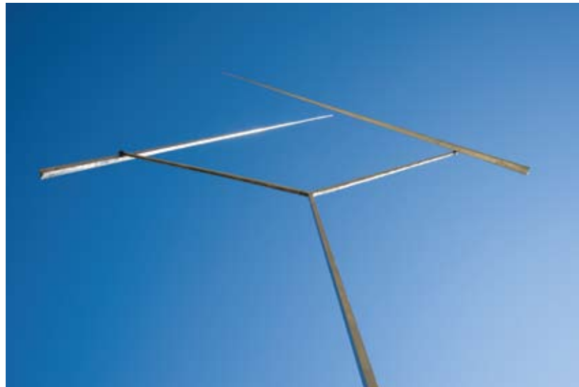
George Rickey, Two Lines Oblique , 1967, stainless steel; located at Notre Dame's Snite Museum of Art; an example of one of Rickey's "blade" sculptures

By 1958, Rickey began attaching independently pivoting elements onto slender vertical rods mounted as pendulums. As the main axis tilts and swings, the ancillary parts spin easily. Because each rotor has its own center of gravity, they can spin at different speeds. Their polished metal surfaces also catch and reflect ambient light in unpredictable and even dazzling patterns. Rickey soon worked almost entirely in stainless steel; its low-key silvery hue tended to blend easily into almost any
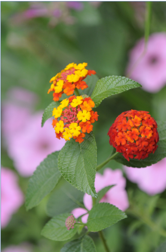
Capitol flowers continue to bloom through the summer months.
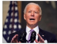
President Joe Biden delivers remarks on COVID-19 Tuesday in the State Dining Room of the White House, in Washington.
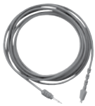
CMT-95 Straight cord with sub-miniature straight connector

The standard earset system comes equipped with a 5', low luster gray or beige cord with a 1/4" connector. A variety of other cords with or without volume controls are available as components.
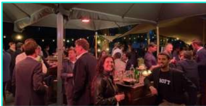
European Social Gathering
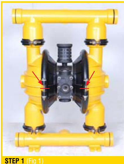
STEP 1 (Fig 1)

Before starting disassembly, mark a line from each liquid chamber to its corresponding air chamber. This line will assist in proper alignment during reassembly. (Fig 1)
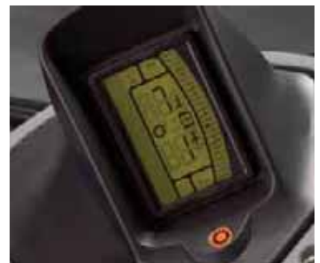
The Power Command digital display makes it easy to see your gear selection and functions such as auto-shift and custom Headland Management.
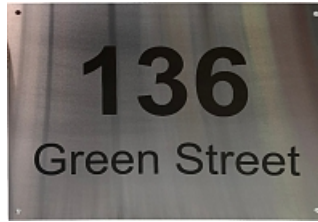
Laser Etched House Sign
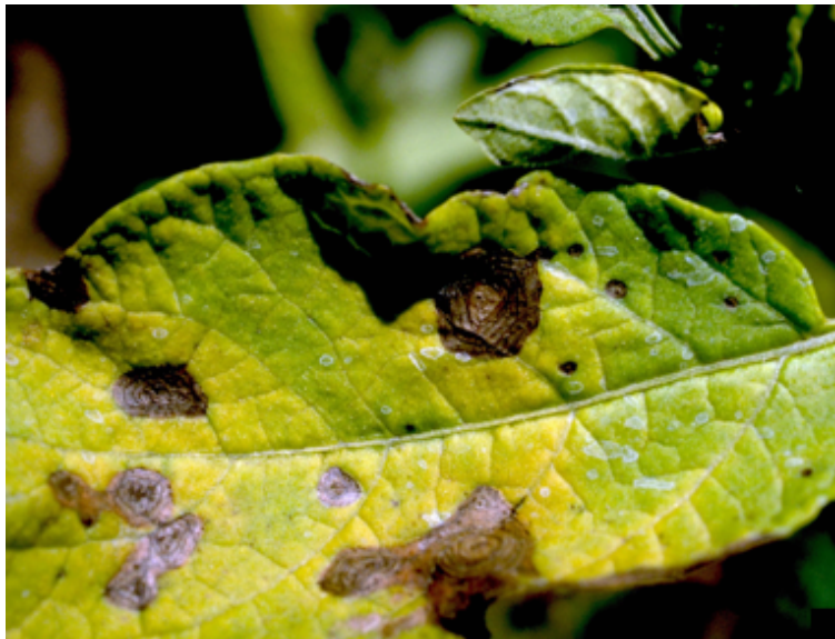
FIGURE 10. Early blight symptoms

——————

[What this task involves]
Omitting the pictures, repeat all entries exactly.

[Solved problem]
George Rickey, Two Lines Oblique , 1967, stainless steel; located at Notre Dame's Snite Museum of Art; an example of one of Rickey's "blade" sculptures

By 1958, Rickey began attaching independently pivoting elements onto slender vertical rods mounted as pendulums. As the main axis tilts and swings, the ancillary parts spin easily. Because each rotor has its own center of gravity, they can spin at different speeds. Their polished metal surfaces also catch and reflect ambient light in unpredictable and even dazzling patterns. Rickey soon worked almost entirely in stainless steel; its low-key silvery hue tended to blend easily into almost any
Capitol flowers continue to bloom through the summer months.
President Joe Biden delivers remarks on COVID-19 Tuesday in the State Dining Room of the White House, in Washington.
CMT-95 Straight cord with sub-miniature straight connector

The standard earset system comes equipped with a 5', low luster gray or beige cord with a 1/4" connector. A variety of other cords with or without volume controls are available as components.
European Social Gathering
STEP 1 (Fig 1)

Before starting disassembly, mark a line from each liquid chamber to its corresponding air chamber. This line will assist in proper alignment during reassembly. (Fig 1)
The Power Command digital display makes it easy to see your gear selection and functions such as auto-shift and custom Headland Management.
Laser Etched House Sign
FIGURE 10. Early blight symptoms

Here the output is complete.